- 120 -

«ТЕВЬЕ-МОЛОЧНИК»

Было решено сделать спектакль «Тевье-молочник» по Шолом-Алейхему в инсценировке Добрушина и Ойслендера.

Между постановками «Лира» и «Тевье», где папа сыграл последнюю свою роль, прошло три года. В «Тевье» отец был и постановщиком, и актером. На протяжении всего репетиционного периода роль Тевье исполнял другой актер. Помню, как папа, вернувшись домой, с тоской говорил: «У меня на сцене сразу четыре невежды — два действующих лица и два исполнителя». Сам же он вступил в спектакль только перед премьерой.

Многие критики утверждают, что Тевье в его исполнении не уступает Лиру. Вспоминается фраза из статьи театрального критика Бачелиса: «...Кажется... кажется... Михоэлс в Тевье доходит до гениальности».

В отличие от предыдущих постановок Шолом-Алейхема «Тевье» был решен реалистически, но по традиции ГОСЕТа строился на музыкальных лейтмотивах, которые органически вплетались в драматическую ткань спектакля.

Основным лейтмотивом «Тевье» была песенка «Мир задает извечный вопрос».

Однако, несмотря на требования тех лет — спектакль был поставлен в 1938 году, — ни постановкой, ни игрой отец не давал ответа на этот вопрос. В последнем эпизоде Тевье изгоняют из насиженного гнезда, и он, бережно захватив табуретку, уцелевшую от его дома, уходит под мелодию той же песни. Сцена заливается ярким светом. Несмотря на кажущуюся оптимистичность, финал оставлял глубоко трагическое впечатление.

 

- 121 -

Тевье-молочник, как я уже говорила, последняя роль, которую отцу удалось сыграть. Он мечтал показать «Ричарда Третьего» Шекспира — роль была почти готова. Он ставил пьесу Бергельсона «Давид Реубени», где должен был играть главную роль... Но судьба решила иначе...

Один из театральных критиков того времени Павел Новицкий считал, что образ Тевье — самое значительное, что создал Михоэлс. «...И таким гордым, мужественным, пытливым, сохранившим в страдании внутреннюю свободу и человеческое достоинство, изображает Тевье Михоэлс! — пишет Новицкий. — В этом образе он сознательно, в результате всех своих творческих и философских исканий, поставил грандиозную проблему народа, захотел изобразить великодушие, талантливость, сердечную глубину, насмешливый, скептический и патетический ум, страстный темперамент, чуткость, неисчерпаемую жизнеспособность и воинствующий оптимизм еврейского народа.

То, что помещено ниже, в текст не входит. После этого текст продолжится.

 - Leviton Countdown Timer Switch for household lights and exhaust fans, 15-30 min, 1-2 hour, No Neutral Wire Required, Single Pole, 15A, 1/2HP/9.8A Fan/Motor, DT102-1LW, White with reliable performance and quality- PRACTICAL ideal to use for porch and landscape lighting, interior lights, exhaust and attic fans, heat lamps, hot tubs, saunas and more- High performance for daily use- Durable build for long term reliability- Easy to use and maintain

Таким показал Тевье-молочника Михоэлс, он сыграл народ, сыграл мужество и бессмертие народа».

Новицкий один из трех «подруг», которые могли часами сидеть у папы, не проронив ни слова. Другими двумя были Фальк и Завадский. Почему отец называл этих больших, отнюдь не женственных людей «подругами», трудно сказать. Так они и остались при нашем доме в качестве «подруг» — подруга Завадский, подруга Новицкий и подруга Фальк.

Павел Иванович Новицкий ходил за отцом то наверх, то вниз, терпеливо пережидая телефонные звонки, прерывавшие их серьезный разговор.

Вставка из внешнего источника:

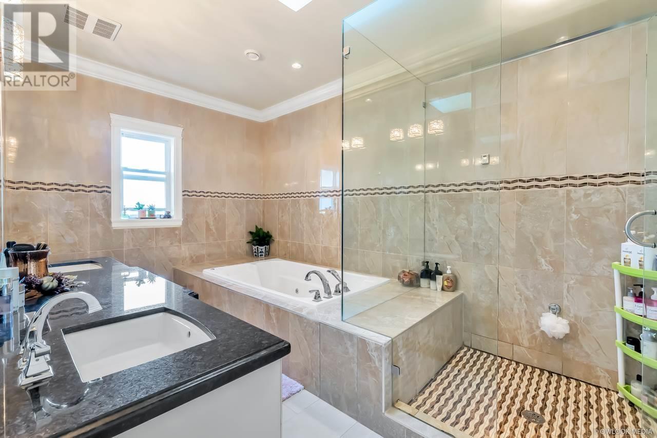 Beautiful Custom built home on Prestigious Woodwards Road! A rare opportunity to own a home in one of the best streets/neighbourhoods of Richmond. Rectangular south facing 7200 sqft lot with 3410 sqft interior finish. Main floor features include double height ceilings in all rooms, exquisite customer crown moulding, grand marble foyer, and crystal chandeliers. Open grand kitchen with large island and granite countertops and S/S appliances + wok kitchen. Downstairs also include media room, guest room, office, and 4 spacious Bedroom with ensuite upstairs. Radiant heating, HRV, A/C throughout. 3 car garage, private fencing with powered gate. School catchment Errington Elementary and Steveston-London Secondary!!
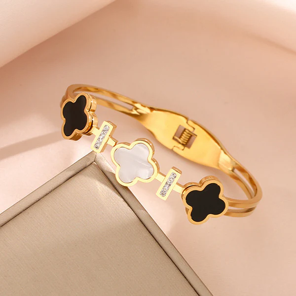 This Stainless Steel Gold Plated Mother of Pearls Three Clover Leaf Irish Design Anti-Tarnish Bracelet For Women balances design, versatility, and craftsmanship, making it an ideal addition to any collection. Whether you’re a business owner selling offline or an e-commerce seller on platforms like Meesho, Amazon, Ajio, or Flipkart, this product is designed to meet the diverse needs of your customers.
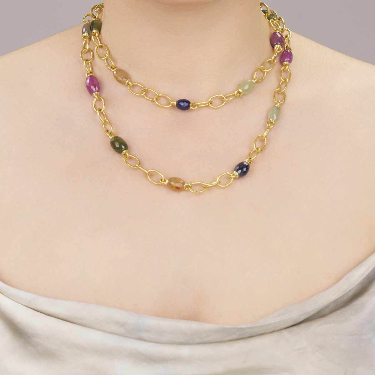 One of a kind necklace in 24K yellow god featuring (18) mixed sized oval faceted fancy multi colored sapphires totaling 187.62cts. The necklace has 24/22K gold caps and 24K yellow gold links in 35.5 inches with an 18K yellow gold lobster clasp with (1) round diamond weighing .032cts

Он относился к Михоэлсу с особым бережным почтением. Дружба их началась с того, что Новицкий задумал написать о папе большую статью. Они подолгу беседовали на самые разнообразные темы — папу трудно было заставить говорить о себе, зато о своей работе он мог рассказывать до бесконечности.

Новицкому, собственно, как и Фальку, хотелось разгадать глубоко спрятанное «я» Михоэлса. И потому в портрете, данном Новицким, звучит никем и никогда не упоминаемая крамольная тема одиночества — ведь по всем канонам советский человек одиноким чувствовать себя не может.

 

- 122 -

«Меня беспокоят горечь его улыбки и затаенная древняя печаль его глаз. Хочется подойти к нему, раздвинуть его плечи и тихо сказать: «К чему так много печали? Она порабощает ваш дух и парализует вашу волю». Но я не говорю этих слов Михоэлсу. Я веду с ним другой, смежный разговор. Меня интересует природа его скепсиса.

— Действительность не отрицается, но выдвигается другой принцип, что горю и радости одна цена... Признание этого принципа означает трагическое безразличие к миру, обреченность человека. Когда пошатнулся ваш конкретный мир, вы ухватились за астрономо-биологический мир, который нельзя было осязать. Но ведь это значит, что вы конкретному человеческому миру сказали — «нет». Ведь это и есть одиночество.

Михоэлс смотрит на меня с сожалением и досадой.

— Скепсис, — говорит он, — был временным явлением. Когда мир шатался, в этот момент скепсис был выходом. Скепсис не есть мировосприятие, обязательное для каждого. Человек не рад скепсису, его не влечет к нему никакое благо. Жизнь сама предлагает ему в тяжелую минуту скепсис, чтобы он не погиб. Одиночества не надо бояться, одиночество существует всегда. В творчестве, в поисках, в размышлениях, в усилии мысли, в страдании разве человек не одинок?»

Глубокую, интересную статью о Михоэлсе Новицкий заканчивал словами: «Тевье требует продолжения». Но продолжению не суждено было осуществиться.